Our monthly quote(s) that made us smile
"Sex without love is an empty gesture. But as empty gestures
go, it is one of the best." Woody Allen
"If the British and the Americans had better taste, I
wouldn't have to destroy so much of my wine." A French winemaker,
who is the poster-boy for everything that is wrong with the French
wine industry.
Madness...at least it only happens once every four years
We have been reading with complete confusion about the "Football"
World Cup, aka "Soccer World Cup" (according to the
Yanks), "a good game with lousy rules" (offside rule
is nonsensical...just ask any FIFA ref) or "high school dating"
(people bump into each other and sweat a lot but they rarely score...just
like the matches). Some of the madness includes:
* 25,000 Hong
Kong people (likely not one athlete in the group given Hong Kong's
less than sporty attitude) sitting in an open area of a mall to
watch their former colonial ruler win its opener against a country
the name of which most Hong Kong people can't pronounce (we know
we can't),
* EURO30 per night hostels being built all over Germany to house
"hooligans" and "fans"...at that price, we
wonder if there is a difference,
* an upsurge in revenues for prostitutes in Germany, which is
much better than high school dating because EVERYONE scores, and
* stockmarkets in South America closing early or trading lightly
on game day so fans can gamble on a different type of game for
the day.
Madness...we wouldn't have it any other way
Go China...oops, they didn't qualify. 
Hmmmm....
We read with amazement about the 336 year old pig intestine condom
on display in an Austrian museum inclusive of the Latin user's
manual suggesting the little ditty be cleaned in warm milk to
avoid diseases. And here we thought condoms, with or without warm
milk AND definitely without alcohol, helped to avoid diseases.

The Stella
Awwards...gotta love the Yanks
We were, as we do every year to ensure a good laugh at our culture's
expense, reading the recently announced Stella Awards. Named after
the famous Stella who successfully sued Mickey D's Lounge after
spilling hot coffee on herself, the Stella Awards rank the most
frivolous, ridiculous and successful lawsuits in the USA. Of particular
interest is the fact we do not need to comment...these babies
speak for themselves...
5th Place
(tie): A lady in Texas was awarded US$80,000 by a jury after breaking
her ankle when tripping over her son who was running around in
a furniture store.
5th Place
(tie): A 19-year-old Los Angeles' man won US$74,000 and medical
expenses when his neighbor ran over his hand with a car from which
the teenager was trying to steal the hubcaps!!!
5th Place
(tie): A burglar in Pennsylvania was awarded USD500,000 for suffering
"undue mental anguish" after locking himself in a garage
of a home where the residents were away on holiday for eight days,
thus requiring him to live on a case of Pepsi and a bag of dog
food.
4th Place:
A genius in Arkansas pulled down US$14,500 and medical expenses
because the next door neighbor's dog bit his bum after he had
scaled the fence to shoot pellets at the little pooch.
3rd Place:
A Philadelphia restaurant had to fork out US$113,500 after a customer
broke her tailbone when slipping on soda she had just thrown at
her boyfriend with whom she was arguing.
2nd Place:
A nightclub reveler in Delaware made away with USD12,000 and dental
expenses when she knocked out her two front teeth falling from
a bathroom window to avoid paying the USD3.50 cover charge.
1st Place:
A lady in Oklahoma won USD1,750,000 and a new motor home when
she put her now destroyed RV on cruise control so she could go
to the kitchen to make a sandwich...the Owner's Manual failed
to mention this would be a problem.
A doggie-dog
world
We could not help but smile - knowingly - when reading about the
dog owner who was a chaperone to his lil pooch for a birthday
party...of another member of the "man's best friend"

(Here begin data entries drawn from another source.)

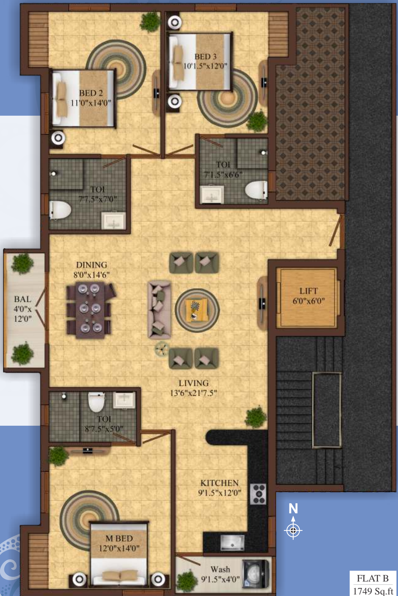
FLAT B 1749 Sq.ft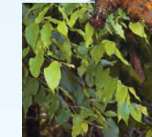
Question Mark Polygonia interrogationis Sugarberry Celtis laevigata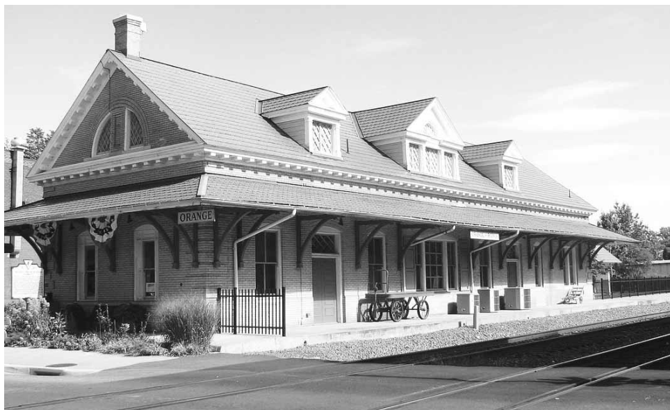
The historic train depot.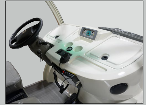
Front dash, roomy interior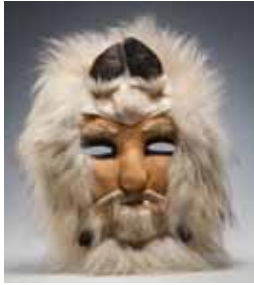
3030 "Native Mask" Artist: Lela Akkgook Medium: Natural Materials Donated By: Anonymous Value: $125 12"x9"

club. We have three "kids" in Hong Kong and two in Thailand.
Butch, Spike and Gina, the Hong Kong "kids", are living
large with a domestic helper, baths two times per week, a nice
backyard in which to frolic, two square meals a day and no chores.

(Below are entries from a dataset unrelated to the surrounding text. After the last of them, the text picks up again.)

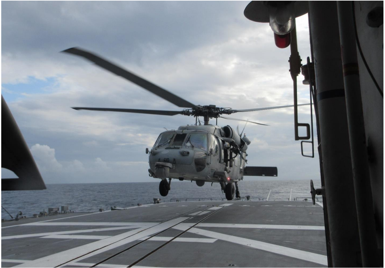
USN HELO landing on JS ARIAKE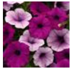
Plum Pudding Mixture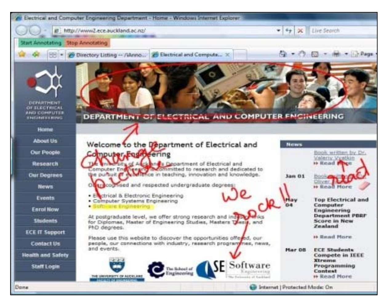
Figure 2: Prototype one

The second method uses a bounding box to group ink strokes into annotations. The bounding box implemented is similar to that used by Priest and Plimmer (2006).

Popeye and Caesar, the Thailand "kids", are living larger
with two domestic helpers, baths three times per week, teeth brushed
twice a week, a very big yard in which to frolic, two square meals
a day and no chores. Yes, living large...but not inside the houses
as we have confirmed with leading theologians that God intended
houses for people, and backyards for doggies...so let it be written!!!
Free trade...be
serious
We recently read the free trade bits of wisdom handed down by
Pascal Lamy, director general of the World Trade Organization
to various questions posed by unknowing global citizens. "Bi-lateral
agreements", "investment rules" "labor standards",
"social dumping"...Free trade? C'mon, be serious. Fair
or managed trade, maybe. You want free trade...visit Shenzhen,
China, baby...and beware for that which you wish 
Mickey
D's loung long march to Americanize China
We read with fear and loathing about McDonald's plan to launch
a chain of drive-through fast-food outlets at 30,000 gas stations
of Sinopec, China's biggest gas station operator. Mickey D's Lounge,
more than any democracy-crazed journalist or human rights activist,
seems to be leading the charge to Americanize China...we wonder...
No guns,
please, we are Ameri...I mean Czechs!
We noticed with a certain sense of unease the no guns sign as
we were passing through the immigration desk at the Prague airport.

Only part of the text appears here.